От потушенных ламп пахло керосином и нагретой жестью, а из других отделений несло махоркой, слышался громкий говор и женский смех. Да, это был другой мир, непонятный вдове фабриканта. Многие из этих людей никогда не слыхивали о шато-икем и духах «Сердце Жаннетты», но им это нисколько не мешало радоваться путешествию в вагоне, разделённом на сидячие и спальные места. Счастливчикам, получившим возможность видеть сны лёжа, за дополнительные сорок копеек вместо матрасов выдавали тюфяки, но зато с белоснежной простынёй. Её чистота гарантировалась срыванием пломбы с постельного комплекта на глазах пассажира. Последнее обстоятельство ничуть не радовало вдову, и от тюфяка, как и от простыни, она отказалась, предпочитая дремать сидя.
Язычок газовой нефтяной горелки[65] выхватывал из темноты то детские лица, то спящего батюшку, храпевшего громче, чем хор певчих на клиросе славит Господа на Пасху.
Неожиданно пол качнулся так, что с верхних полок посыпались пассажиры, точно переспевшие яблоки с веток. Раздались крики и стоны. Кто-то жаловался на сломанную руку, а какой-то несчастный сильно ушиб голову. Вагон шатался, как пьяный, и нёсся с сумасшедшей скоростью.
Ардашев выглянул в открытое окно. Локомотива впереди не было. Сноп искр, вырывающихся из трубы, был уже далеко. Состав растворился в тёмной пелене ночи, как тонущее судно в океане. Кусок сигнальной верёвки[66], шедшей от последнего вагона к машинисту, болтался, зацепившись за поручень. Нетрудно было догадаться, что её сначала обрезали, а потом отцепили вагон. «Но где же тогда «собачник»?»[67] – подумал Клим и бросился на заднюю площадку.
Дверь оказалась незапертой, но хвостового кондуктора не было. Стояла пустая скамья, валялись тормозной башмак и зажжённый красно-белый фонарь. В угол закатилась железная кружка.
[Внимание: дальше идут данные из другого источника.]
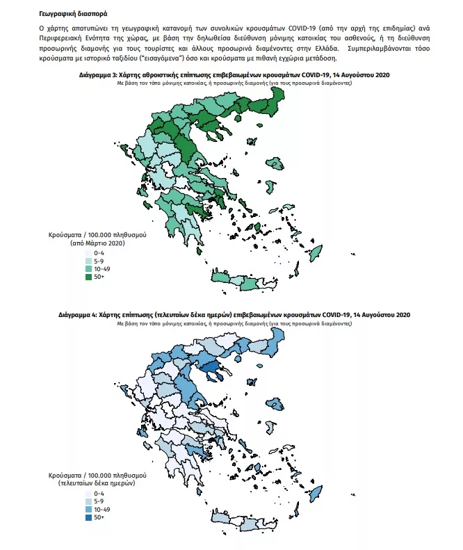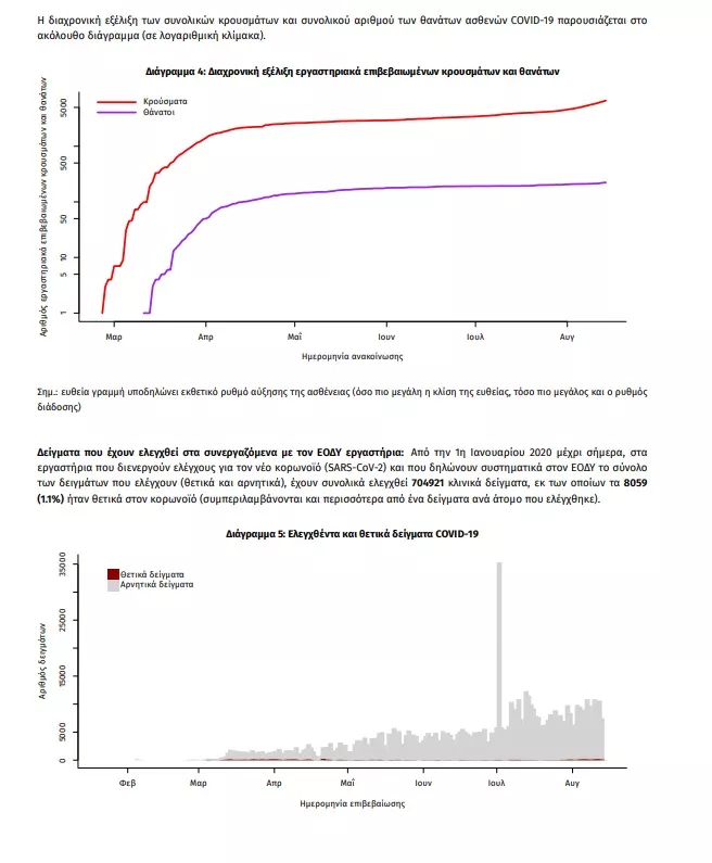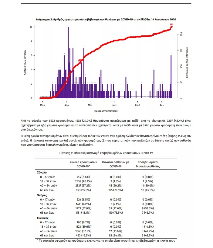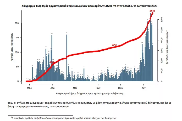 Τα στοιχεία που παρουσιάζονται αφορούν περιστατικά από την επιδημιολογική επιτήρηση της νόσου από το νέο κορωνοϊό (COVID19), με βάση τα δεδομένα που έχουν δηλωθεί στον ΕΟΔΥ και καταγραφεί μέχρι τις 14 Αυγούστου 2020 (ώρα 15:00). Τα νέα εργαστηριακά επιβεβαιωμένα κρούσματα της νόσου είναι 254, εκ των οποίων τα 20 εντοπίστηκαν κατόπιν ελέγχων στις πύλες εισόδου της χώρας. Ο συνολικός αριθμός των κρουσμάτων ανέρχεται σε 6632 (ημερήσια μεταβολή +4.0%), εκ των οποίων 55.0% άνδρες. 1 Οι νέοι θάνατοι ασθενών με COVID-19 είναι 2, ενώ από την έναρξη της επιδημίας έχουν καταγραφεί συνολικά 223 θάνατοι. Η μέση ηλικία των ασθενών που απεβίωσαν είναι 77 έτη. Ο αριθμός των ασθενών που νοσηλεύονται διασωληνωμένοι είναι 22 (68.2% άνδρες). Η ημερήσια κατανομή των επιβεβαιωμένων κρουσμάτων είναι η ακόλουθη (η γραμμή παριστάνει την συνολική, αθροιστική κατανομή των κρουσμάτων).

Вагон качался, как шаланда в шторм, и нёсся под уклон. Раздавался металлический скрежет, и в ушах выл встречный ветер. «Если впереди есть хоть небольшой поворот – этот сарай на колёсах сойдёт с рельсов, и тогда все погибнут. Медлить нельзя», – пронеслось в голове, но панический озноб пробежал по всему телу, сковывая движение. Он медленно потянул на себя ручку механического тормоза, понимая, что резко останавливать разогнавшийся «снаряд» нельзя. Пассажиры могут получить увечья. Скорость уменьшилась. Колёса заскрипели, началось торможение, но движение ещё продолжалось. Теперь он сдвинул ручку тормоза до отказа. Раздался металлический скрежет, и сноп искр вылетел из-под едущих по рельсам колёс. Огромный микст замер. Люди высыпали в проход. Раздался шум.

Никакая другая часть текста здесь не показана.